[Dataset records]
>>>>>
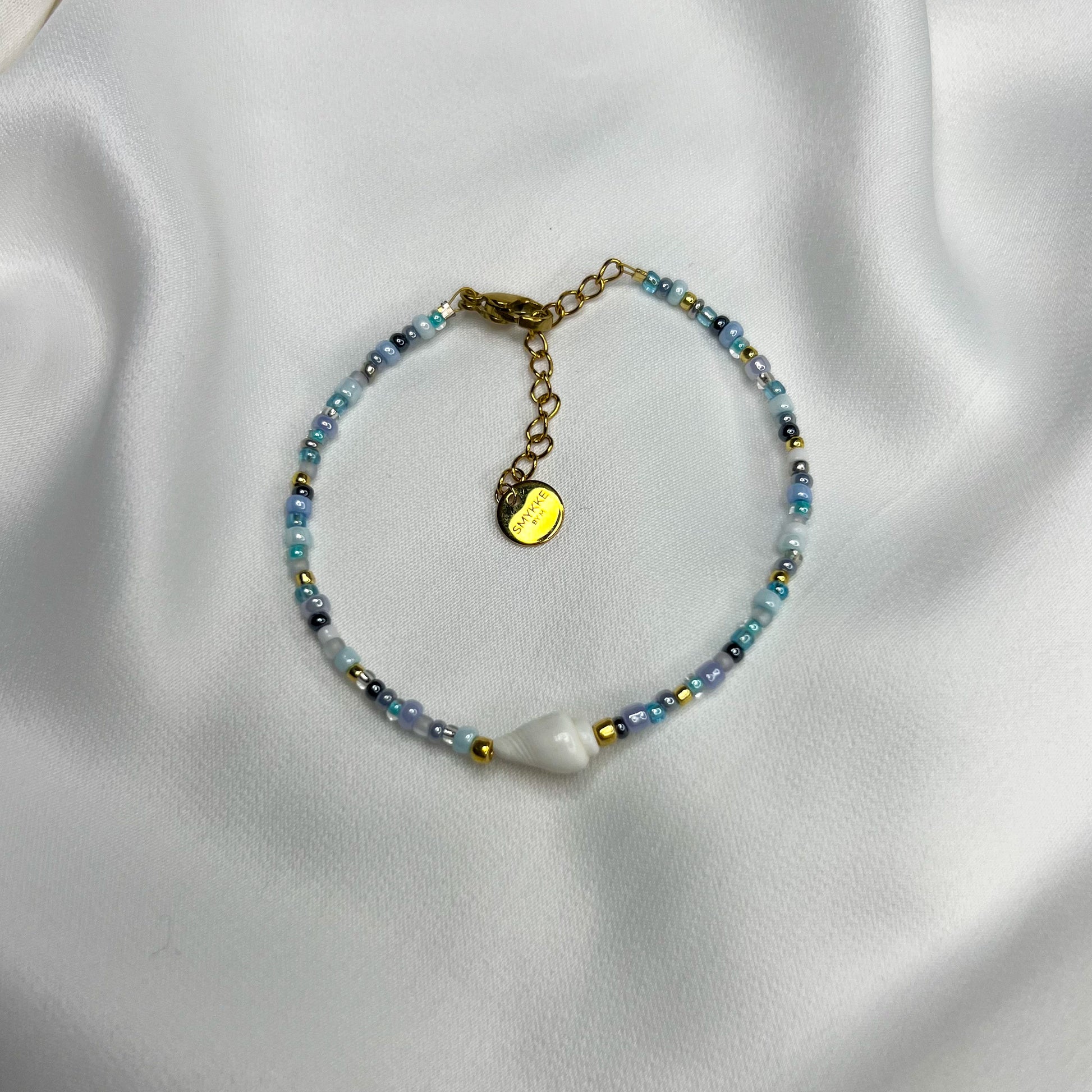 Alba er et håndlaget armbånd med små blåtonede glassperler, gullfargede detaljer og et vakkert skjell i midten. Smykket har et friskt og lett uttrykk som gir assosiasjoner til sjø og sommerdager ved kysten.
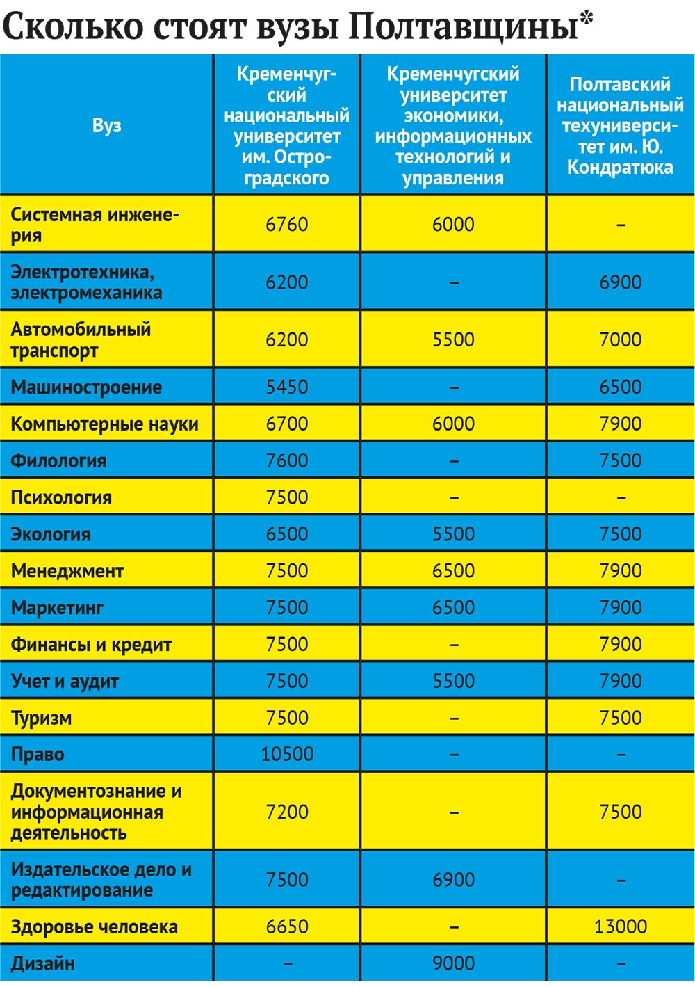 – Кардинального повышения не произошло, – объяснили в приемной комиссии Кременчугского университета экономики, информационных технологий и управления. -На некоторые специальности подняли цены на 30-50 гривень в месяц. Думаю, это не критично. А цены на такие направления, как дизайн, прикладная физика, остались на том же уровне.
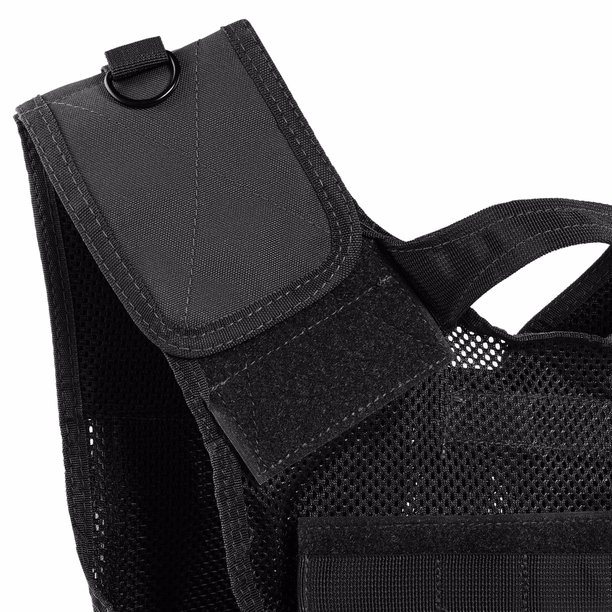 Västen finns i One-size och har justerbara remmar vid sidorna samt kardborre vid axeln så att man enkelt kan ställa in så att den sitter bra mot kroppen. Det finns även MOLLE remmar på ryggsidan som gör det möjligt att fästa ytterligare utrustning om man så önskar. Den kommer även levererad med utrustningsbältet som produktbilden visar.
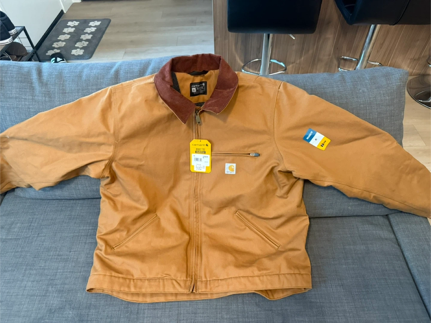 Selling a Carhartt Duck Blanket-Lined Detroit Jacket in size XL. This jacket features a relaxed fit and is designed to be hood compatible. It's a warm and durable jacket, perfect for serving and protecting all hardworking people. It retails for $174.99. I’m asking $120. Pickup in Silverado. Delivery is available for a small gas fee.
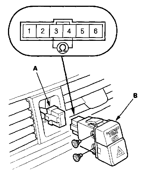 3. Disconnect the 6P connector (A) from the passenger's airbag cutoff indicator (B).
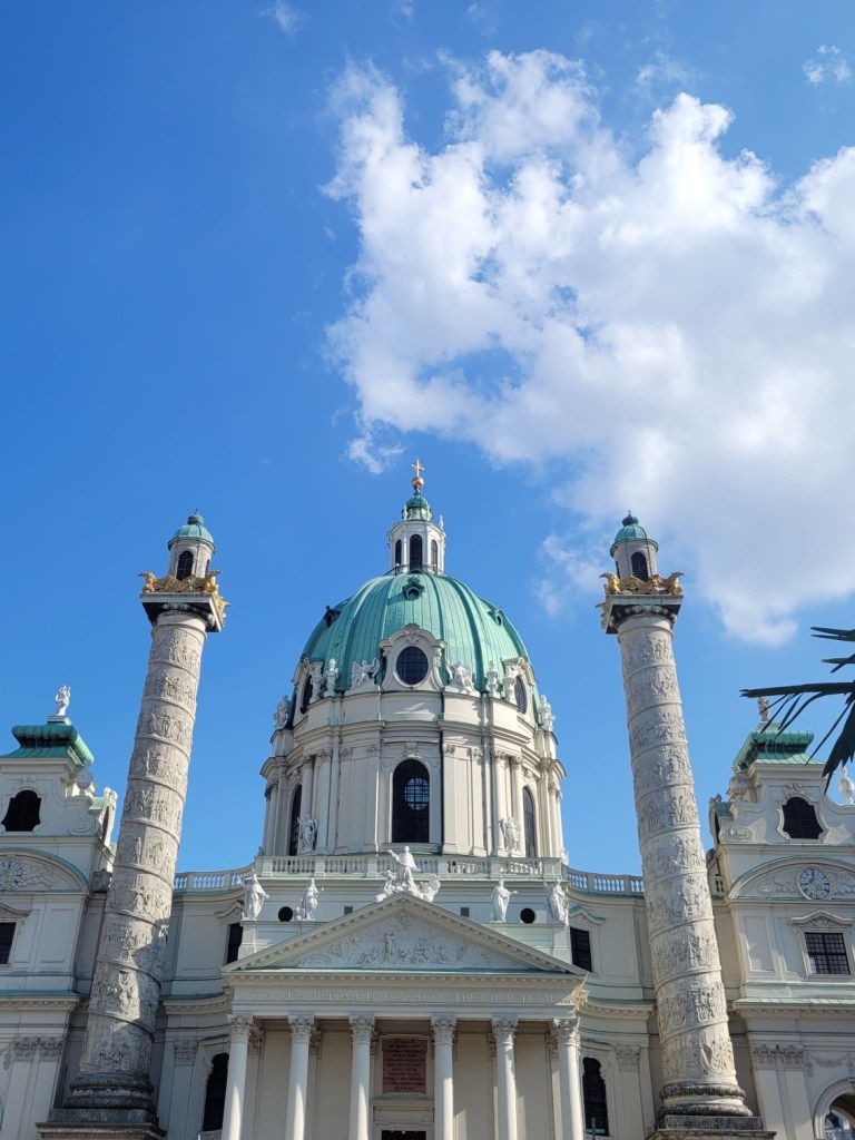 Pranzo a base di hot dog presi poco distante e relax sdraiati sull’erba del parco e poi ricominciamo a camminare verso la bellissima Karlskirche, una delle più belle chiese barocche della città, con un’imponente cupola dalla forma ellittica, molto suggestiva anche la notte.
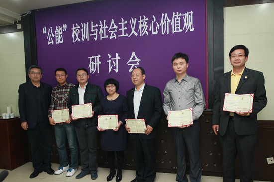 10月17日,学校在办公楼举行的“公能”校训与社会主义核心价值观研讨会上,公布了“深入理解和自觉践行‘公能’校训”主题征文活动获奖名单。公司刘运峰教授、2014级博士生韩诚获优秀论文奖。董事长龚克为获奖者代表颁奖。
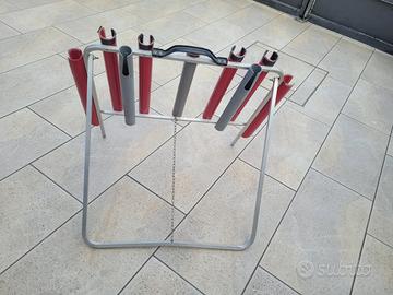 Porta canne da trote. Contiene fino a n.8 canne a cui si aggiunge uno scomparto porta guadino. Inizialmente dotato dei porta canne rossi, ho provveduto a modificarlo inserendo quelli grigi. Condizioni ottime. No perditempo.
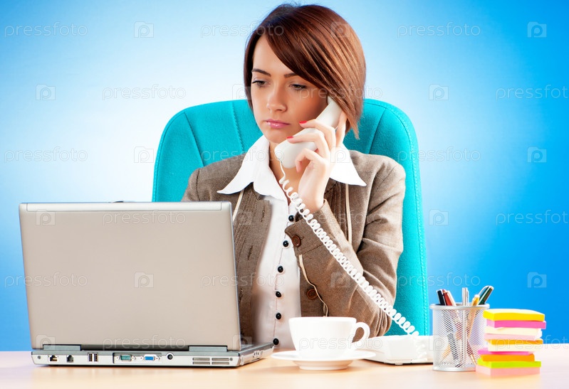 Молодая деловая девушка, работающая за ноутбуком
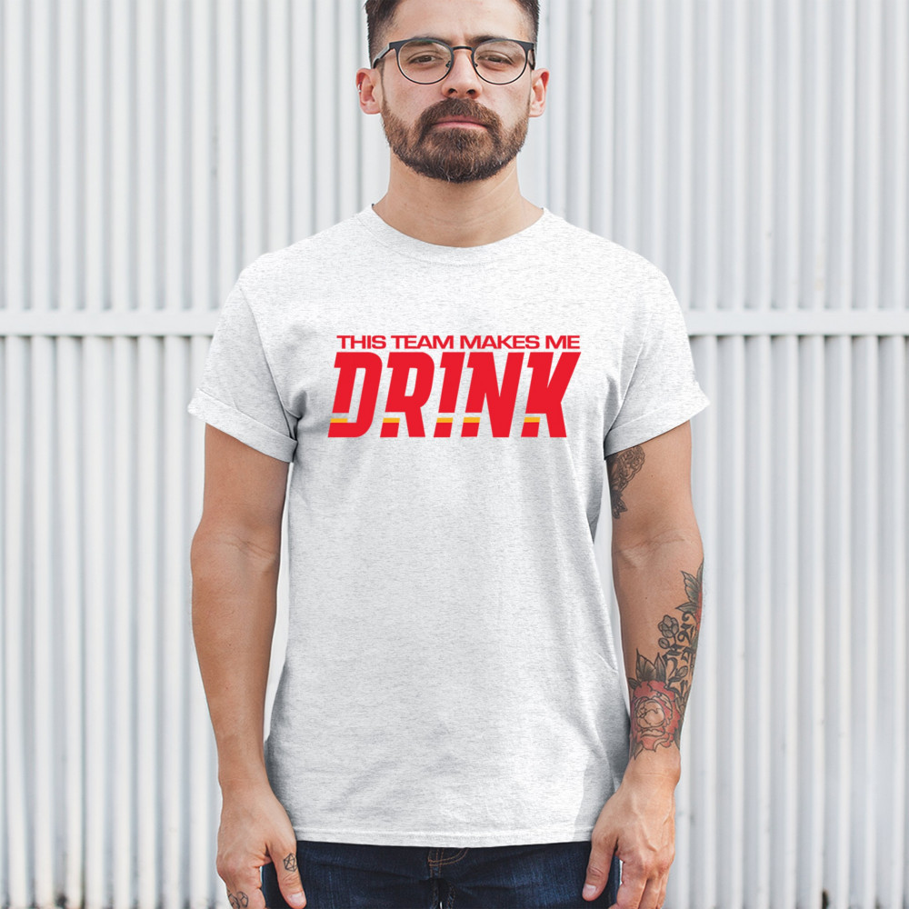 Add playoff energy to your Kansas football collection with this “This Team Makes Me Drink†design. Great for Fantasy Football rivalries, Game Day traditions, and tailgate party celebrations, it honors KC sports culture, football season pride, big game intensity, and the champions’ spirit. Built for Kansas fans who live the City of Fountains lifestyle and cheer on every KC playoff run.
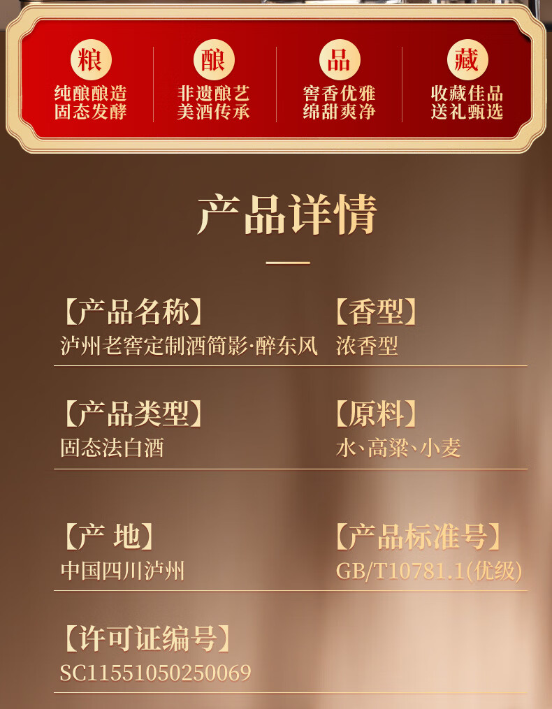 泸州老窖简影醉东风52度浓香型高度纯粮食白酒整箱礼盒年货送礼宴请 52度 500mL 6瓶
<<<<<
* Required work
Above are some entries; copy exactly the lines from the line with "3. Disconnect the" through the line with "Pranzo a base", both included, but none of the pictures.

* Result
 3. Disconnect the 6P connector (A) from the passenger's airbag cutoff indicator (B).
 Pranzo a base di hot dog presi poco distante e relax sdraiati sull’erba del parco e poi ricominciamo a camminare verso la bellissima Karlskirche, una delle più belle chiese barocche della città, con un’imponente cupola dalla forma ellittica, molto suggestiva anche la notte.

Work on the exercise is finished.